The years passed. I left my addictive and unhealthy relationship behind, I moved states, I got married and raised a family. I started a career, despite the lack of college credentials, and in small waves started finding glimmers of success. Still, nothing felt right, as long as she was able to contact me. I told myself I was being cruel for not loving her in the ways she loved me. Every flashback I found myself frozen in of her inflicting intentional pain on my four-year-old inner child I dismissed. I gave her my time, my energy, my space. I sacrificed it all.
I started EMDR therapy last year; it was unsuccessful and the therapist wasn’t the right match. But I knew after my first session that there was no way I could cope with her abuse or the anxieties she gave me if I was still trying to please her and walk on eggshells around her. Her sanity had become my responsibility. Every time I had thought about cutting contact I knew she would threaten suicide or self-harm and I felt I couldn’t handle it if she hurt herself; not because I wanted her alive, but because no one deserves to feel pain like that (as a suicide attempt survivor myself that was how I felt). I don’t know what came over me but I knew my limits and recognized I had enough. I went home from therapy and blocked her everywhere.
It’s been a year since. I sometimes get calls from Rent-A-Center because she used my name as a point of contact and stole from them… but that’s about the extent I think of her. My life is drastically better without the constant festering anxiety that she could show up on my social media pages. However, I still live in fear she is still stalking me, telling others that I’ve been “brainwashed” and trying to convince people to help me rewrite the actual history. I cannot rest knowing she’s out there, not completely, not peacefully.

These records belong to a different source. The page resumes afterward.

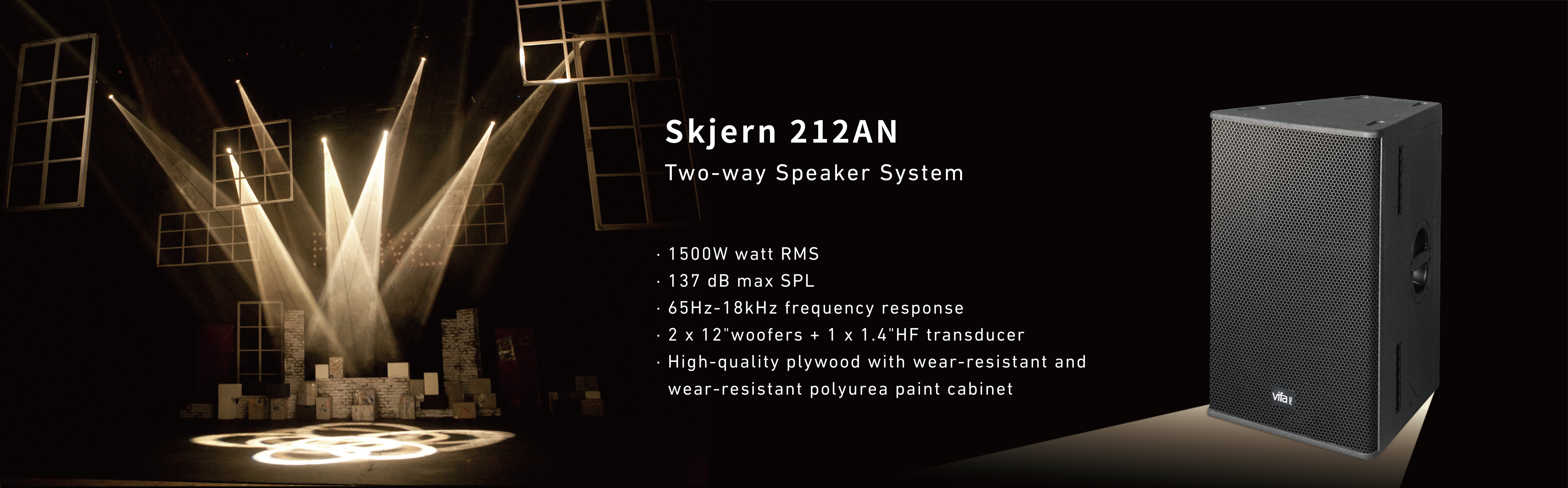 Skjern 212AN, a dual 12-inch high-power loudspeaker with high sensitivity and high SPL characteristics, is equipped with a long-stroke design that combines horn-loaded bass/midrange and high-frequency drivers to deliver deep and clear sound. The unit configuration consists of 2 x 12-inch high-efficiency neodymium mid-woofers and 1 x 1.4-inch exit-throat 75mm voice coil neodymium high-frequency driver. The cabinet is made of multi-layer composite plywood and coated with wear-resistant polyurea paint to ensure durability. A dual-channel digital amplifier with built-in DSP brings precise audio processing power to the Skjern 212AN.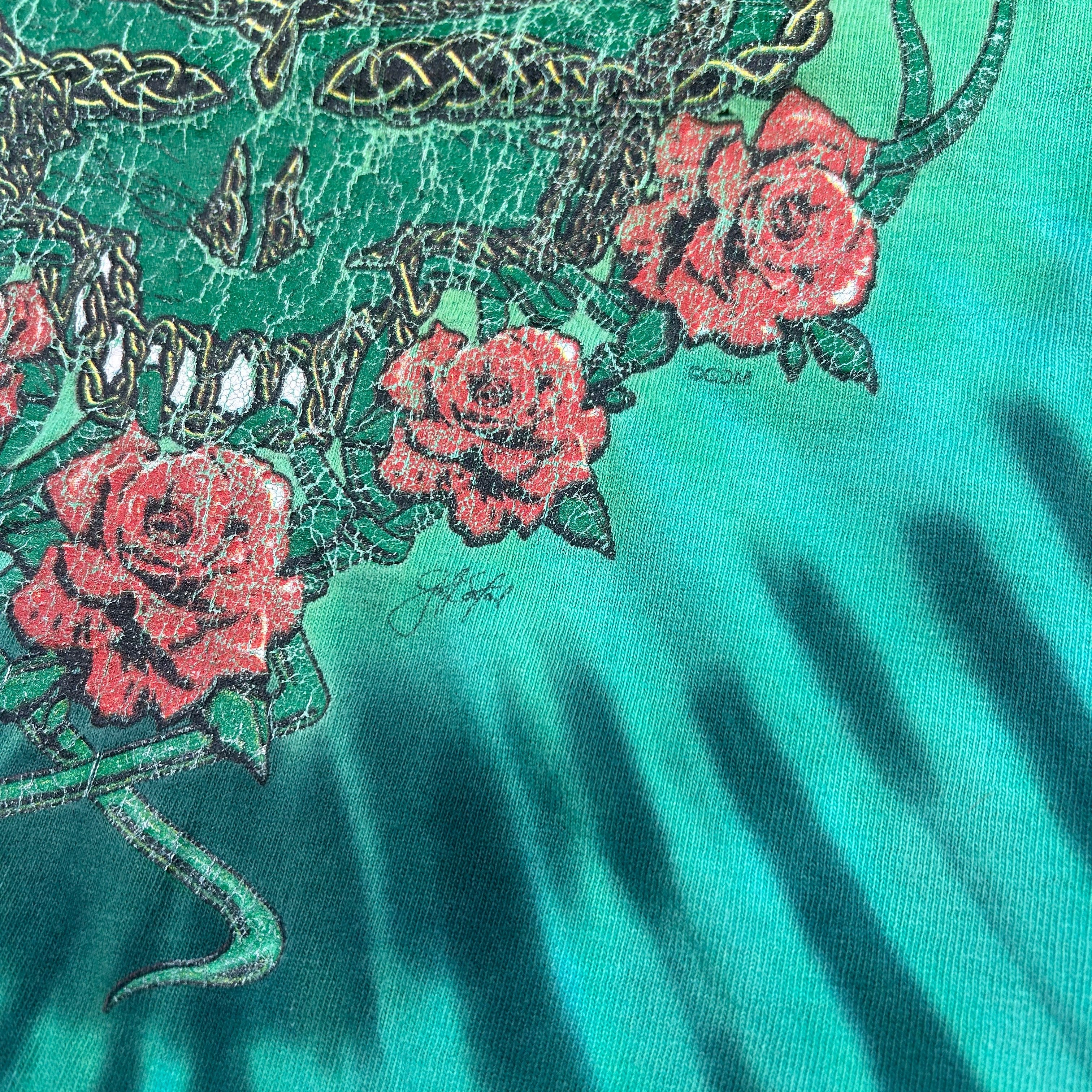 Vintage Grateful Dead Green Tie Dye T-Shirt Roses Dead Head Anvil Men’s Size M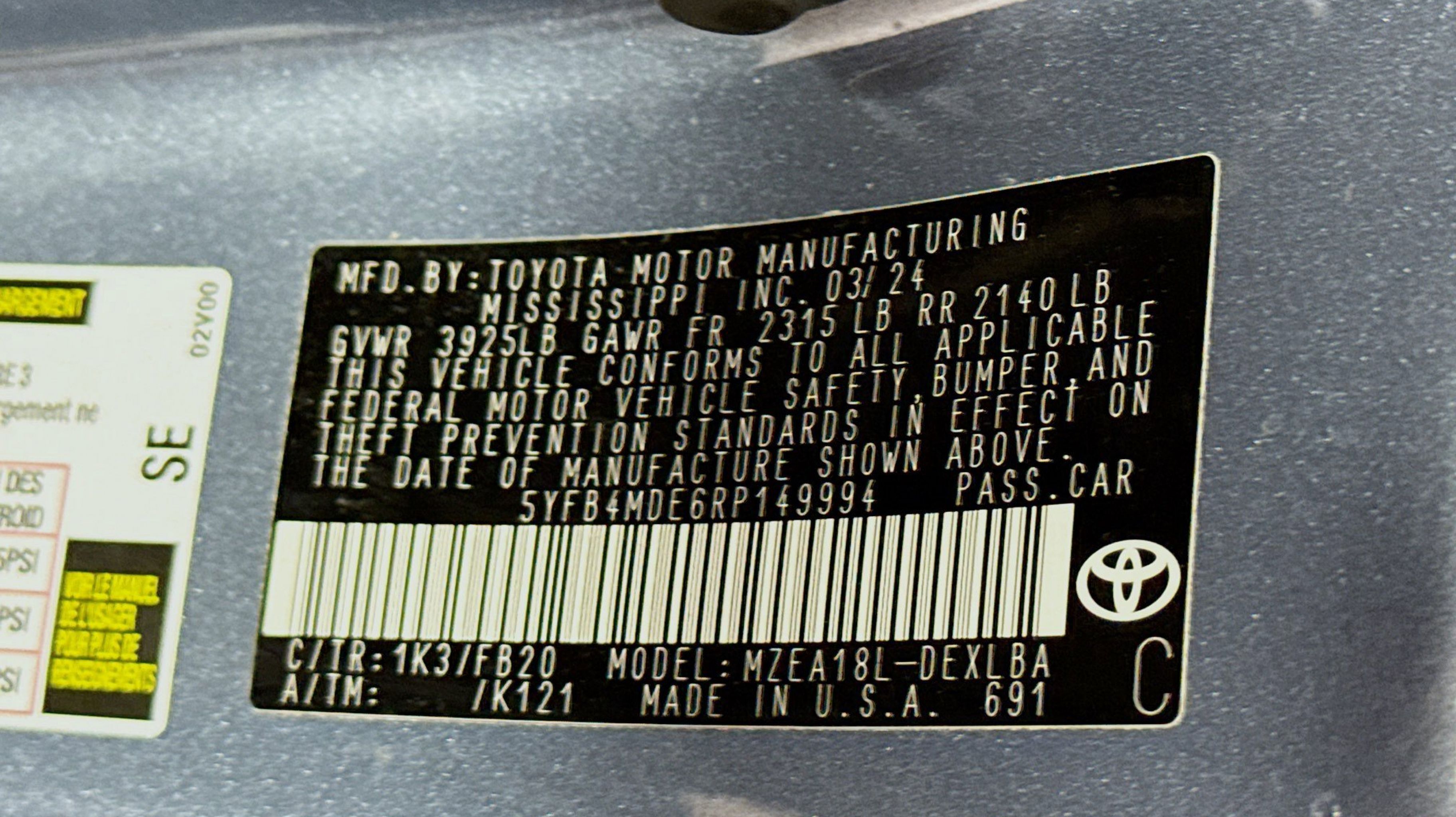 CARFAX One-Owner. Clean CARFAX. 16 Steel Wheels w/Covers, 4-Wheel Disc Brakes, 6 Speakers, ABS brakes, Air Conditioning, AM/FM radio: SiriusXM, Auto High-beam Headlights, Automatic temperature control, Brake assist, Bumpers: body-color, Delay-off headlights, Driver door bin, Driver vanity mirror, Dual front impact airbags, Dual front side impact airbags, Electronic Stability Control, Emergency communication system: Safety Connect (up to 10-year trial subscription), Exterior Parking Camera Rear, Fabric Seat Trim, Front anti-roll bar, Front Bucket Seats, Front Center Armrest, Front reading lights, Front wheel independent suspension, Fully automatic headlights, Illuminated entry, Knee airbag, Low tire pressure warning, Occupant sensing airbag, Outside temperature display, Overhead airbag, Panic alarm, Passenger door bin, Passenger vanity mirror, Power door mirrors, Power steering, Power windows, Radio data system, Radio: 8 Toyota Audio Multimedia, Rear anti-roll bar, Rear seat center armrest, Rear side impact airbag, Rear window defroster, Remote keyless entry, Speed control, Split folding rear seat, Steering wheel mounted audio controls, Tachometer, Telescoping steering wheel, Tilt steering wheel, Traction control, Trip computer.

You asked Reddit if you’re a terrible person and I truly don’t believe you are. I know why you asked but I still don’t believe you are. It is natural to think in all or nothing ways, especially when there are anxieties that are fresh. Realistically, someday she will be gone and I hope that you feel resolve and solution at this. Until then, be the provider that the inner child within you needs. Give you what they should have given to you. And I hope by doing this you find a little peace; I know I’m starting to.